Here’s the good news, based on their targeted sample of 2,500 nonprofits in 2020:

  • Despite (or maybe because of?) the pandemic, overall giving increased by 10.6% in 2020 as compared to 2019.
  • The number of donors also grew by 7.3%. Nonprofits increased new, first-time donors by 18.5%, and reactivated 13.7% more lapsed givers than in 2019.
  • Finally, giving increased at all levels—15.3% for those giving under $250, 8% for mid-level giving between $250-$999, and a huge 10.4% for those who gave $1000 or more.

But, unfortunately, there is bad news too:

  • Donor retention continued to decline in 2020, dropping 4.1%.
  • 43.6% of donors from 2019 gave again to the same organization in 2020, the lowest rate since FEP started tracking this data in 2005.
  • And only 19.3% of first-time givers to a nonprofit in 2019 gave to that same nonprofit in 2020.

But why? Why do such generous people no longer give to an organization?

Some factors certainly are beyond the nonprofit’s control. The donor changes her giving priorities or has a life experience that adversely affects her ability to give (e.g., she loses her job).

But most reasons why donors stop giving are in the control of the nonprofit. Givers, for example, no longer think that the charity needs them since they’ve never received information on the impact of their gift. Some even experience what might be called “donor amnesia”; they forget that they ever gave to the organization. Or perhaps they were never thanked for their gift—one of the worst nonprofit sins!

So how can organizations stop this donor churn?

First, if you don’t know what your donor retention rate is, and at what giving levels, and of what kinds (e.g., new vs. repeat donors), then you need take a look at your data and better understand its trends. For example, where is your organization losing the most donors and at what cost? Losing one $1000+/year donor has a greater impact on revenue than losing three $100/year donors.

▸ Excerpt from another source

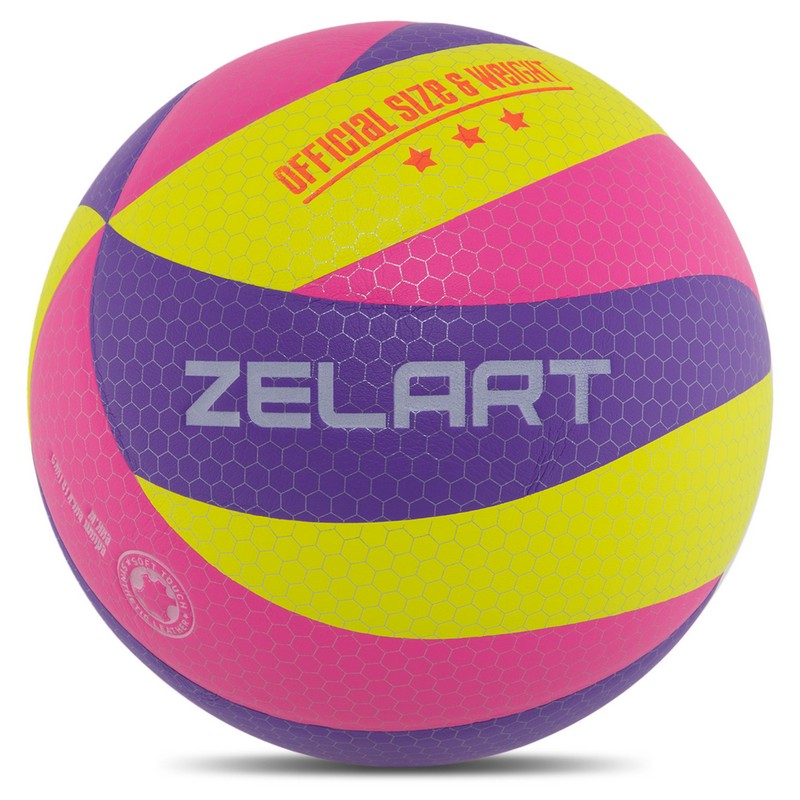 Волейбольний м'яч Zelart (рожево-фіолетовий-жовтий) + подарунок

Second, once you know your baseline performance and where you need to focus your efforts, start taking concrete, intentional steps to address retention. Do you have in place a welcome flow for new donors to your organization where they are thanked in a variety of ways before they are asked to give again? Are you demonstrating to them the impact of their giving through tangible, accessible, inspiring stories? Are you engaging them in personal ways, beyond formal written communications—e.g., a handwritten thank you note from a board member, a phone call from the Executive Director? Are you inviting them into a deeper relationship with your organization by asking them to join your recurring giving program?

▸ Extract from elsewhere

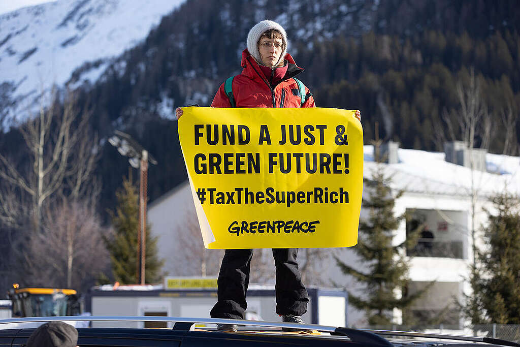 Agnes Jezler, Greenpeace-Expertin für ökonomischen und gesellschaftlichen Wandel, sagt: «Es ist ein Skandal, dass sich Politiker:innen, CEOs, die Reichen und Mächtigen in Davos versammeln, um endlos über globale Herausforderungen zu debattieren, während die Welt brennt und die Menschen damit kämpfen, ihre Grundbedürfnisse zu decken und mit den Folgen des drohenden Umweltkollaps umzugehen. Ungleichheit und Umweltkrise sind eng miteinander verbunden. Es gibt genügend finanzielle Mittel gegen die Umwelt- und Sozialkrise. Sie stecken nur in den falschen Taschen. Es ist Zeit, die Superreichen weltweit und verursachergerecht zur Kasse zu bitten.»

Finally, many nonprofits think that the solution to their fundraising woes is to acquire new donors. Based on the FEP data, even if the number of new donors to your organization increased last year, you have about a 1 in 5 chance of retaining them. So why not instead pour resources and attention into the donor’s your organization has already, including those new supporters that came to your organization during the pandemic? Focus on communicating impact, thanking them, engaging them in new and surprising ways. They might just stick around.